- Opening Delimiter -

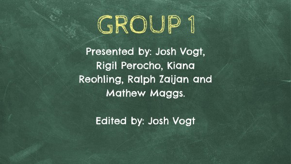 Group Members: Josh Vogt, Rigil Perocho, Kiana Reohling, Ralph Zaijan and Mathew Maggs.Edited by: Josh Vogt
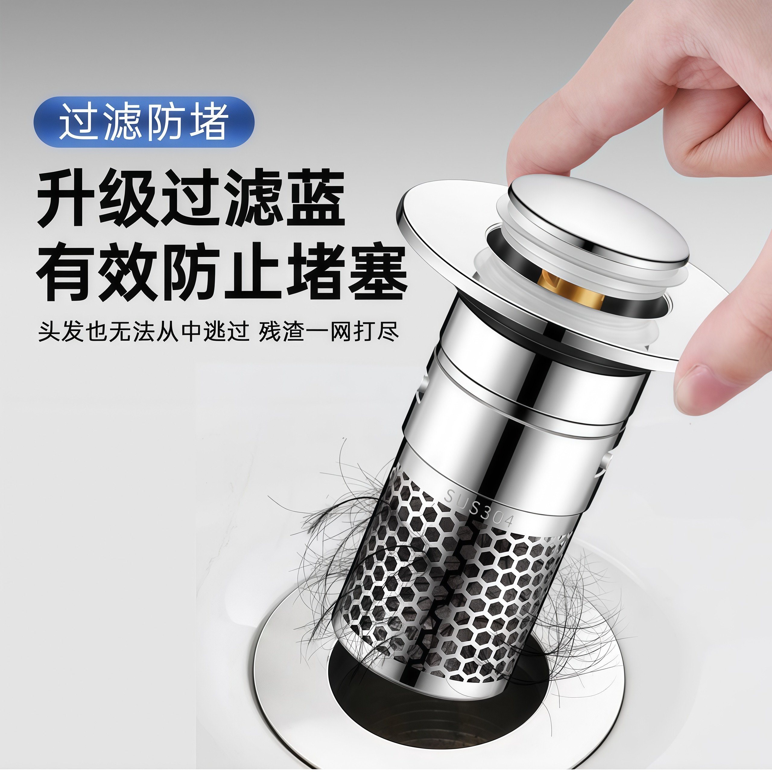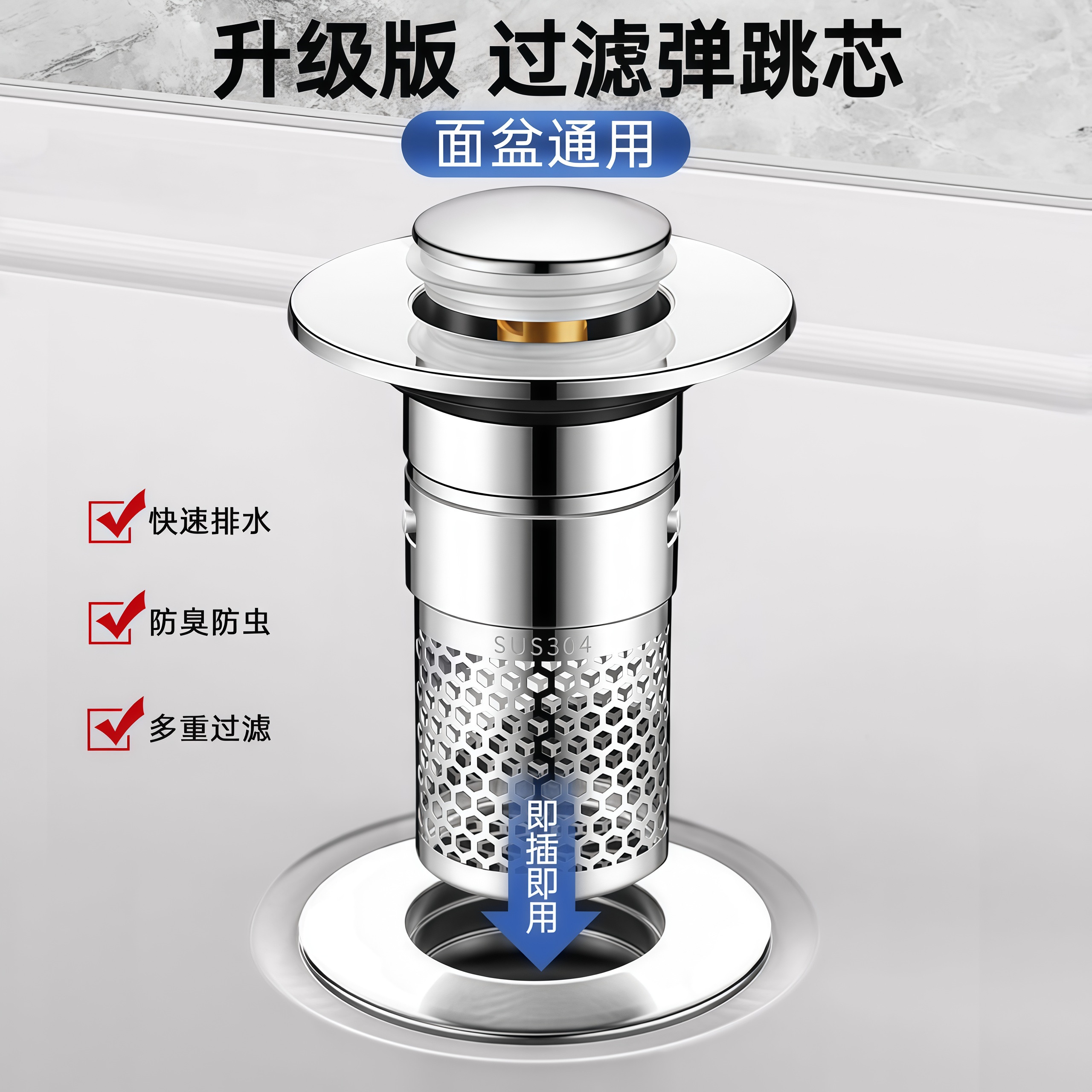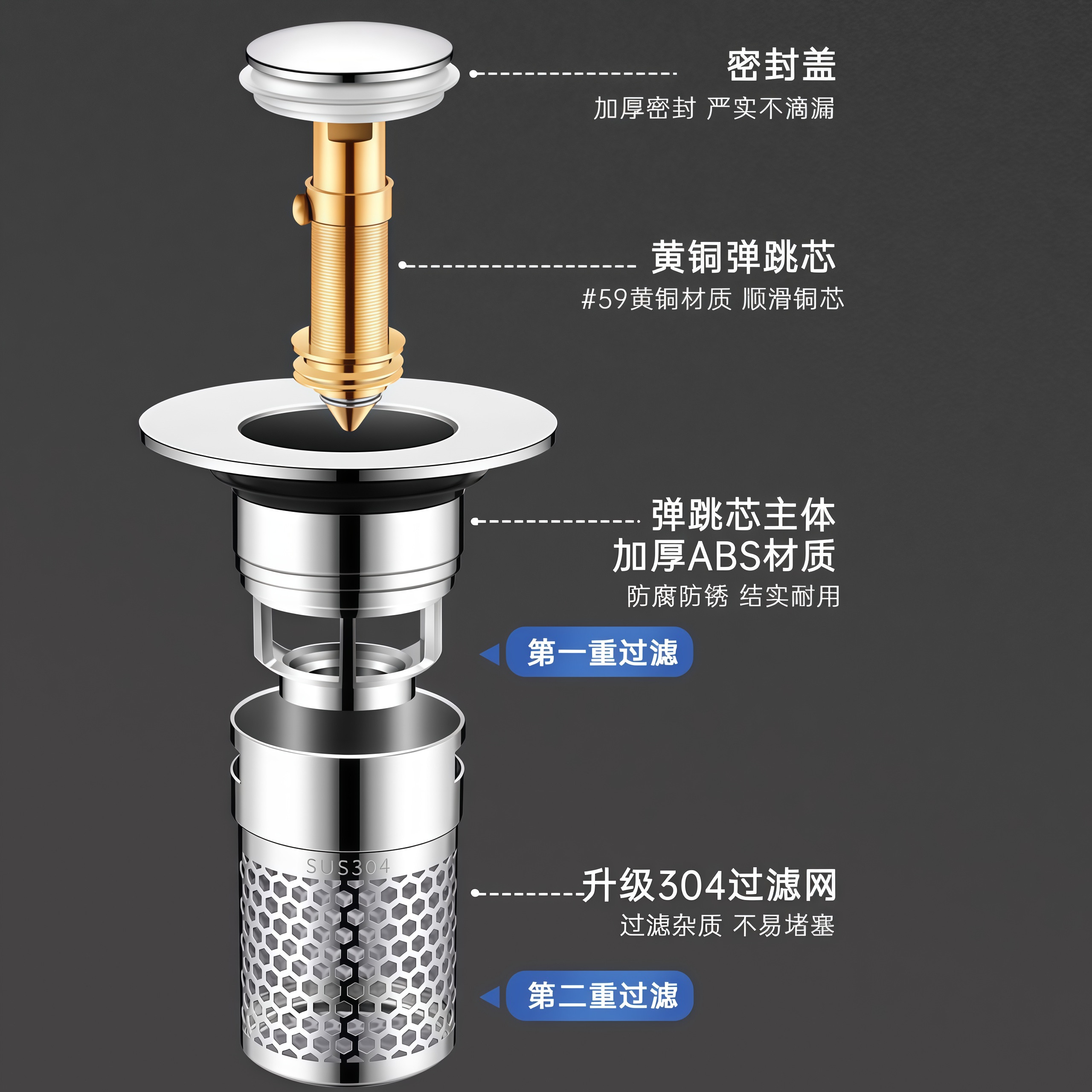 洗手盆脸盆漏水塞子面盆弹跳芯按压式 配件防臭过滤通用下水器滤网
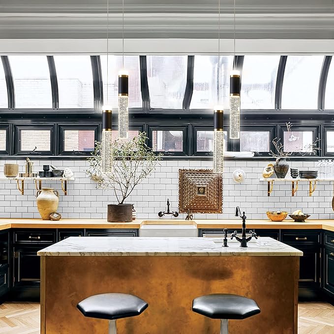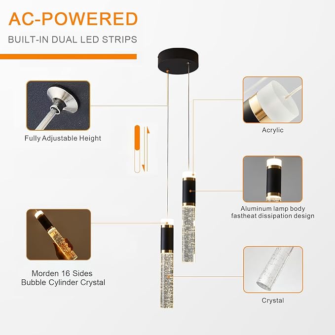 - Led Pendant Light,Crystal Modern Led Kitchen Island Light Fixture,Adjustable Pendant Lighting for Kitchen Island,Black Gold Led Chandelier for Dining Room,Bedroom,Mini Pendant Spot Lights (2-Light))
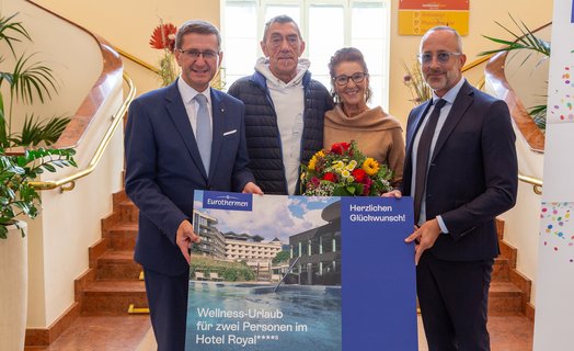 Kleine Auszeiten, Urlaub vom Alltag sind wichtiger denn je. Besonders gut gelingt dieses „Abschalten“ in einer Therme mit angenehmer Atmosphäre. Die Wellness-Profis der Eurothermen erfahren daher auch in diesem Jahr regen Zulauf. Claudia und Josef aus Bad Ischl sind die 1-Millionsten Thermengäste 2024 und wurden in der Eurotherme Bad Ischl mit einem Urlaubs-Gutschein und einem Blumenstrauß überrascht. Wirtschafts- und Tourismuslandesrat Markus Achleitner und Eurothermen-Geschäftsführer Mag. Patrick Hochhauser gratulierten persönlich.
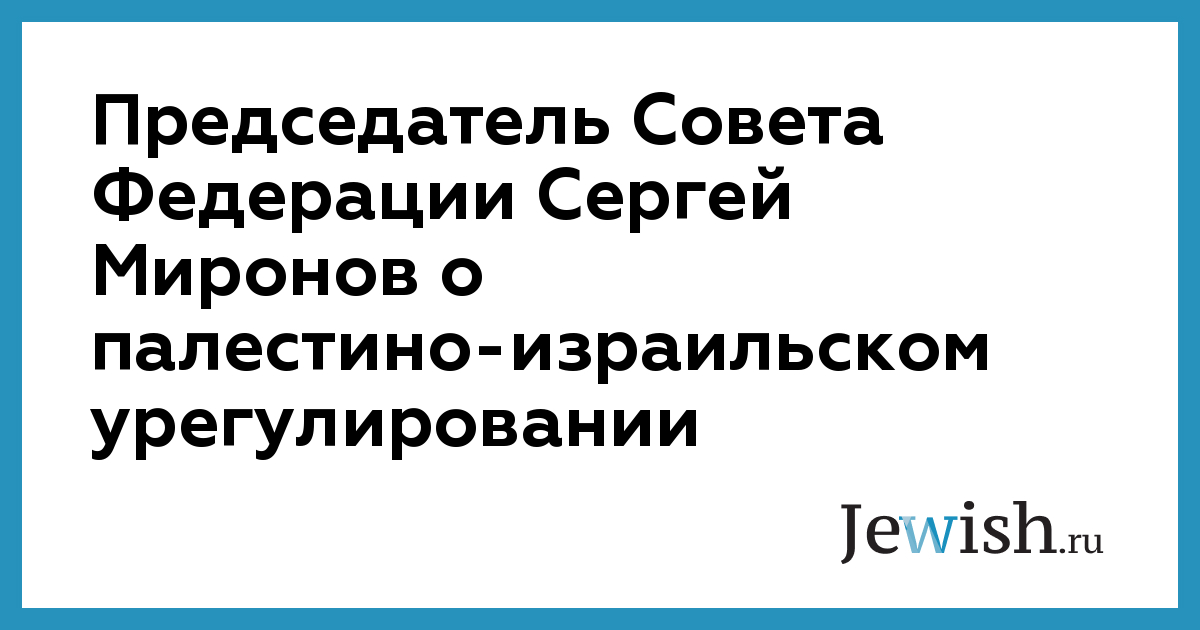 Председатель Совета Федерации Сергей Миронов о палестино-израильском урегулировании

- Closing Delimiter -

Task requirements
Make an exact copy of the listing. Do not carry over its pictures.

Output below
 Group Members: Josh Vogt, Rigil Perocho, Kiana Reohling, Ralph Zaijan and Mathew Maggs.Edited by: Josh Vogt
 洗手盆脸盆漏水塞子面盆弹跳芯按压式 配件防臭过滤通用下水器滤网
 - Led Pendant Light,Crystal Modern Led Kitchen Island Light Fixture,Adjustable Pendant Lighting for Kitchen Island,Black Gold Led Chandelier for Dining Room,Bedroom,Mini Pendant Spot Lights (2-Light))
 Kleine Auszeiten, Urlaub vom Alltag sind wichtiger denn je. Besonders gut gelingt dieses „Abschalten“ in einer Therme mit angenehmer Atmosphäre. Die Wellness-Profis der Eurothermen erfahren daher auch in diesem Jahr regen Zulauf. Claudia und Josef aus Bad Ischl sind die 1-Millionsten Thermengäste 2024 und wurden in der Eurotherme Bad Ischl mit einem Urlaubs-Gutschein und einem Blumenstrauß überrascht. Wirtschafts- und Tourismuslandesrat Markus Achleitner und Eurothermen-Geschäftsführer Mag. Patrick Hochhauser gratulierten persönlich.
 Председатель Совета Федерации Сергей Миронов о палестино-израильском урегулировании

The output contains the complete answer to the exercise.